Other Tellus loans involve borrowers in financial distress.
Among them are sisters in West Oakland who got a loan from Tellus to refinance their existing mortgage in early summer 2021, but later encountered financial troubles due to Covid-19, according to a lawsuit they later filed against Tellus and others involved in the loan.
Their request for forbearance on the loan was ignored, and the home was sold as a foreclosure about six months later, according to the suit, which alleges they had not been given adequate notice of the foreclosure sale and other claims.
Sometime between the sisters’ plea for forbearance and the foreclosure, Tellus sold their loan to a group of investors, court records show. Tellus said in a court filing that it should be removed from the lawsuit since it no longer owned the loan.
On its website, Tellus says that it has never had a loss on any lending activity.
Experts say Tellus could be subject to securities regulation, since it isn’t a bank but is still offering its customers a financial return, potentially prompting requirements that it register with the SEC.
Ann Lipton, a professor of business law and entrepreneurship at Tulane University, says the SEC has varying guidelines based on past court decisions that it applies to determine whether to pursue businesses for issuing unlicensed securities.
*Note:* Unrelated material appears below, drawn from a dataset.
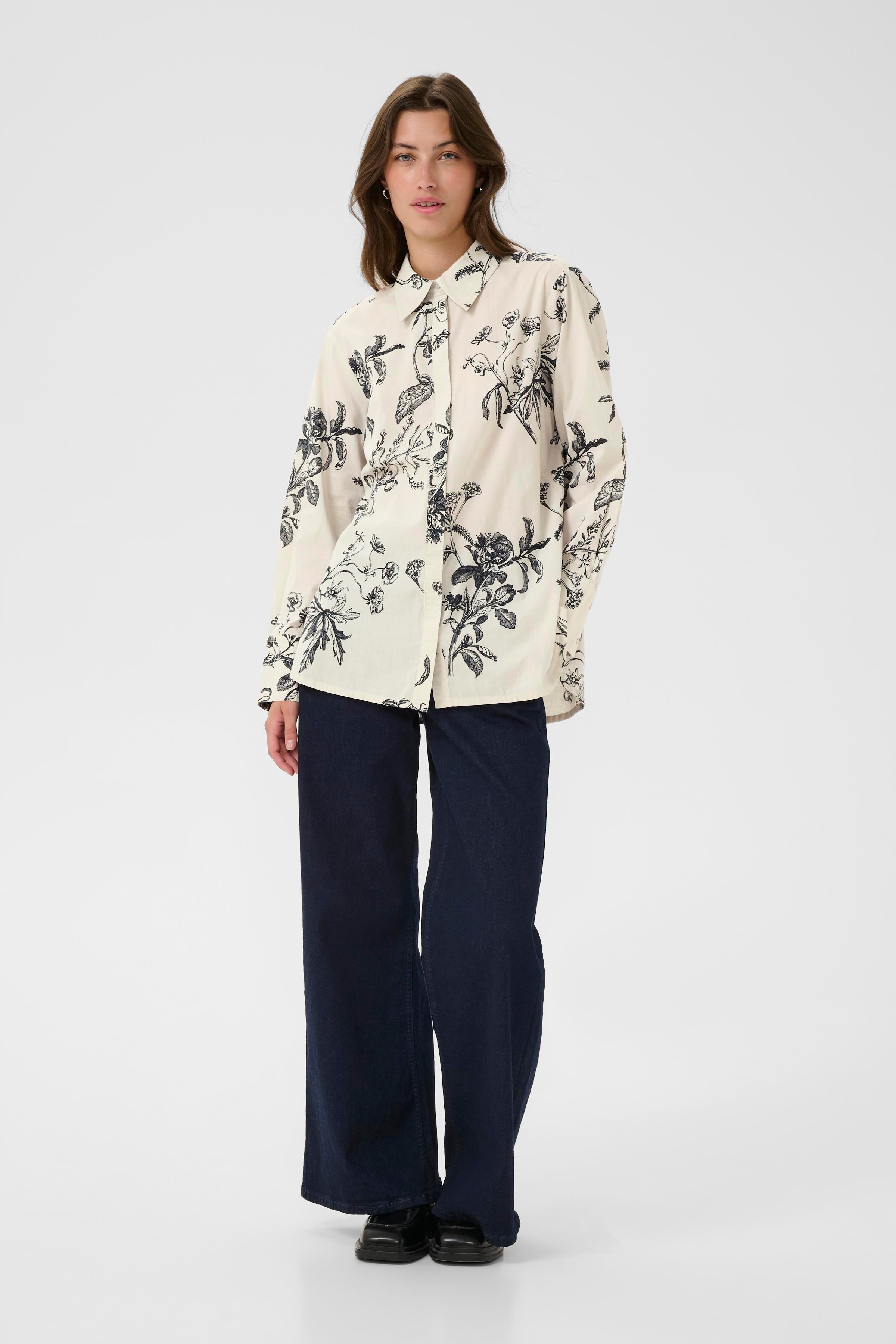 This shirt blends a classic silhouette with a modern floral print. Featuring a loose fit, hidden button closure and pointed collar, it offers a refined look. Style it with jeans or tailored trousers depending on the occasion. The model is 175 cm tall and wears a size 36.

The rules generally involve situations where people are widely offered an opportunity to invest in an enterprise through which they expect to financially benefit from the efforts of others, she says.
Tellus “certainly sounds like the kinds of things that have been deemed securities in the past,” she says.
The SEC cracked down on Coinbase for using market-beating interest rates to draw customers to its savings accounts, then investing that cash in digital coins, notes Santa Clara University finance professor Seoyoung Kim, who teaches a course on fintechs.
Tellus’ model doesn’t sound all that different, she says.
After the SEC action, Coinbase argued that its Coinbase Lend program didn’t qualify as a security by its interpretation.
Tellus was the subject of a May 2021 whistleblower complaint to the SEC alleging that the company was illegally peddling an unlicensed security, among other claims.
The complaint was shared with Barron’s by its author, Barry Minkow, who was three times convicted of financial fraud and now considers himself a whistleblower. Minkow says he gathered material from the company for his complaint by pretending to be a prospective depositor.
The SEC declined to comment.
Tellus could also face pushback from state bank regulators, since it offers services that under the law can be provided only by banks, says Paul Clark, a specialist in financial regulation at the law firm Seward & Kissel. “If they’re saying, ‘I will take your money, and I will pay you interest on it,’ that’s a deposit,” Clark says. “Deposit-taking is the immediate triggering event in every state in this country for whether you need a banking license.”
In California, that determination would come from the Department of Financial Protection and Innovation. Mark Leyes, a spokesman for the regulator, declined to comment specifically on Tellus, and wouldn’t confirm or deny the existence of an investigation.
Leyes said a business that offers deposit accounts where cash can be withdrawn at will, as Tellus does, “would probably trigger licensing requirements as either a state or federally chartered bank. But each circumstance would be considered and evaluated separately.”
In 2020, a Tellus marketing team member wrote on the Product Hunt website that the firm was proud not to offer an “FDIC account like every other competitor on the market.”
“The government has put in limitations on what those funds can be used for,” wrote the Tellus employee. “Instead of insuring our funds through FDIC, we secure them with real estate mortgages, allowing us to pay you a much higher rate than the banks.”
Write to Jacob Adelman at [email protected]
Corrections & Amplifications: David Sament told Barron’s that he opened a Tellus account because “they pay a lot of interest.” An earlier version of this article incorrectly referred to him as David Samet.